A2, selecting a corresponding machine learning model and corresponding model training parameters according to the current task type and the labeling difficulty of the online data.

In this example, the present invention may also be preconfigured in a plurality of machine learning models available for the current task type, and each machine learning model may have a corresponding labeling difficulty, so that after the plurality of machine learning models available for the current task type are determined, the corresponding machine learning model may be selected according to the labeling difficulty of the online data.

Specifically, different task types may correspond to different types of machine learning models, and after the type of the machine learning model suitable for the current task type is determined, the corresponding machine learning model and the corresponding model training parameters may be selected according to the labeling difficulty of the online data. There may be multiple machine learning modules of the same type.

And the labeling difficulty and the model training parameters also have a preset corresponding relation.

For example, in the case of deep learning, it is more difficult for a task to set up a more complex network structure.

S105: and training the corresponding machine learning model by using the marked training data according to the corresponding model training parameters to obtain a trained prediction model.

According to the model construction method provided by the embodiment, after crowdsourcing labeling is carried out on online data, the labeling quality of a labeling result is obtained, and according to the current task type and the labeling quality of the labeling result, a corresponding machine learning model and corresponding model training parameters are selected, so that the online data and a modeling configuration process are combined, automatic configuration of the model and the model training parameters is realized, the modeling threshold of non-professionals is fully reduced, the model can be obtained when the whole modeling process has data, convenience in model construction is improved, and time cost of modeling personnel is also reduced.

In specific application, the labeling quality of the labeling result can be obtained by analyzing the labeling accuracy of the labeling personnel. Correspondingly, the invention also provides a labeling quality obtaining scheme, so as to obtain the labeling quality of the labeling result according to the labeling result.

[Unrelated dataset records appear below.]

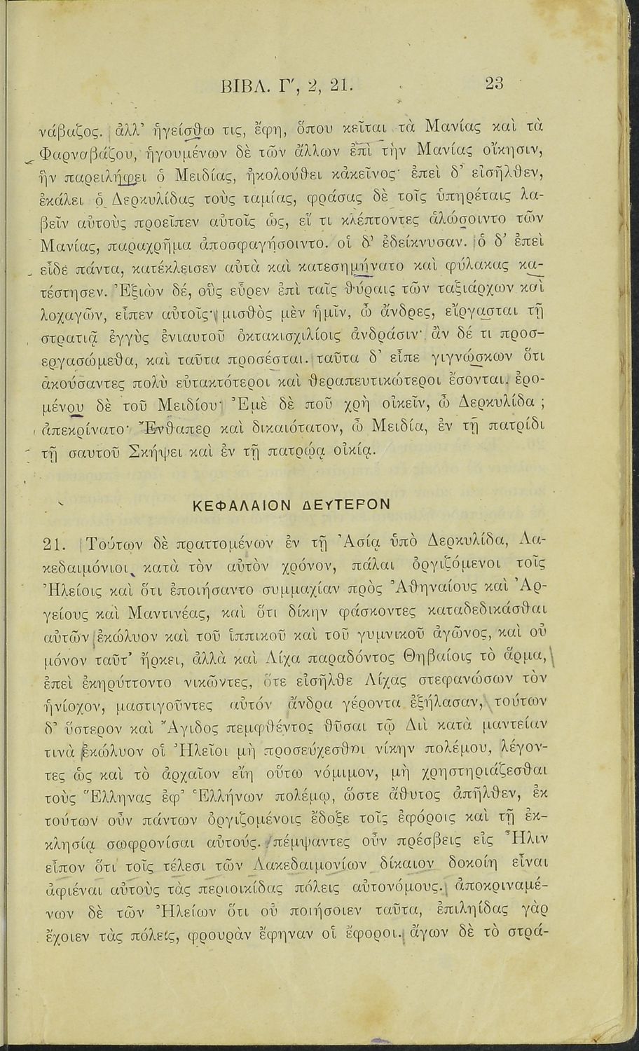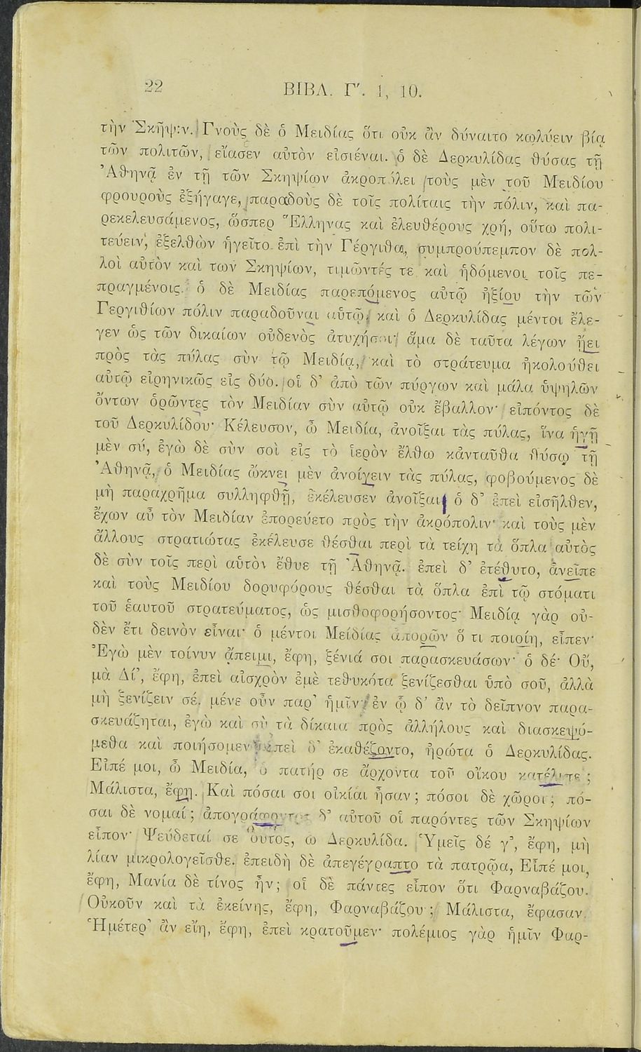 Μαθητικό βοήθημα Αρχαίων Ελληνικών της τρίτης τάξης των τετρατάξιων Γυμνασίων. Το βιβλίο περιέχει τα έργα του Δημοσθένη, Περί της ειρήνης και Α΄ Φιλιππικός από μετάφραση.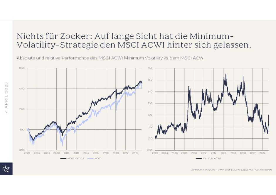 In einer Untersuchung hatte der Kapitalmarktanalyst von HQ Trust bereits 2023 die Entwicklung des Anlagestils Minimum Volatility mit anderen Faktorinvestments wie Value, Growth oder Nebenwerten verglichen. Sein Fazit: „Minimum Volatility hätte Ruhe ins Depot gebracht: In beide Richtungen fielen die Ausschläge geringer aus.“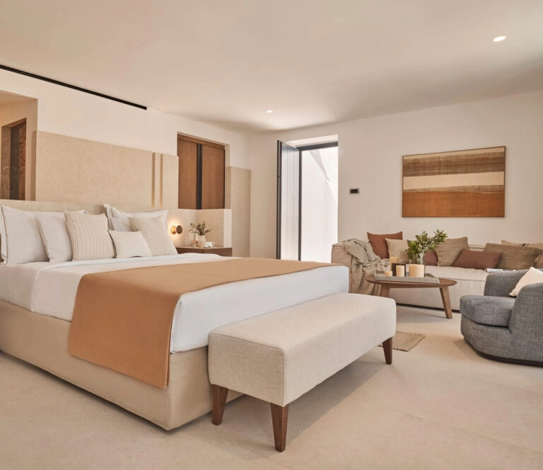 You know that Mykonos brings the party, which is always a good time. However, at its core, locals will tell you that dancing on tables at beach clubs is not the real Mykonos. So now there’s a new hotel, that wants to introduce you to the whole other side, figuratively and literally. Cali Mykonos is a boutique hotel in the tranquil coastal village of Kalafatis. While there are nice hotels on island, this one brings a new take on luxury. First, it’s family-owned, so the service has that extra special care.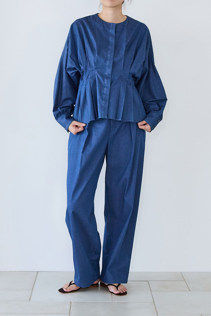 ストレッチ感のある綿素材を使用したデニムのような素材感のセットアップ。タックをふんだんにとった緩やかなペプラムラインが特徴のブラウスは、ドルマンスリーブで少し丸みのある女性らしいシルエット。深めに開いたスキッパーネックが抜け感を演出するデニムシャツは抜け感とシルエットのバランスで大人っぽく着こなせる一枚。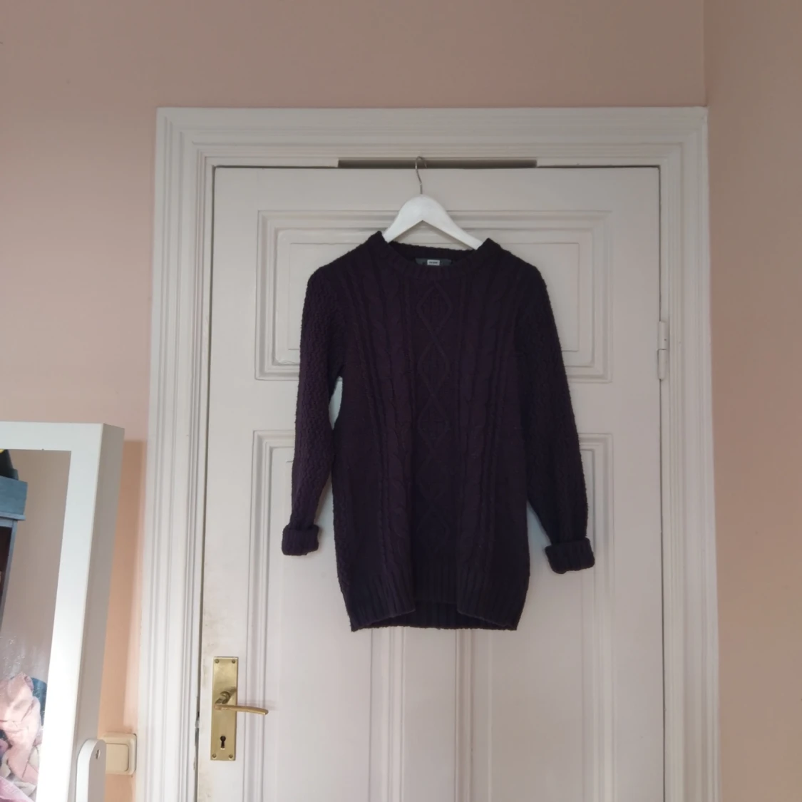 Mörkblå kabelstickad tröja från Bik Bok. Lite noppig men annars i fint skick! Hämtas i Stockholm✨ 90% akryl, 10% nylon

Referring to fig. 2, fig. 2 is a flowchart of a scheme for obtaining annotation quality according to an embodiment of the present application.

As shown in fig. 2, the annotation quality obtaining scheme of this embodiment may include:

s201: and according to the labeling result, acquiring the individual labeling accuracy of each labeling person and the overall labeling accuracy of all labeling persons.

And according to the labeling result, counting the individual labeling accuracy of each labeling person, and obtaining the overall labeling accuracy of all labeling persons. The individual marking accuracy of the marking personnel can be obtained by the marking auditor by auditing and evaluating the marking result obtained this time, or can be obtained by the data analysis software by comparing and analyzing the marking result with the preset standard marking result.

S202: and when the individual marking accuracy of the marked personnel is lower than the overall marking accuracy and the deviation of the overall marking accuracy is larger than a preset deviation threshold, acquiring the number of the partial marked personnel of which the individual marking accuracy is lower than a first accuracy threshold.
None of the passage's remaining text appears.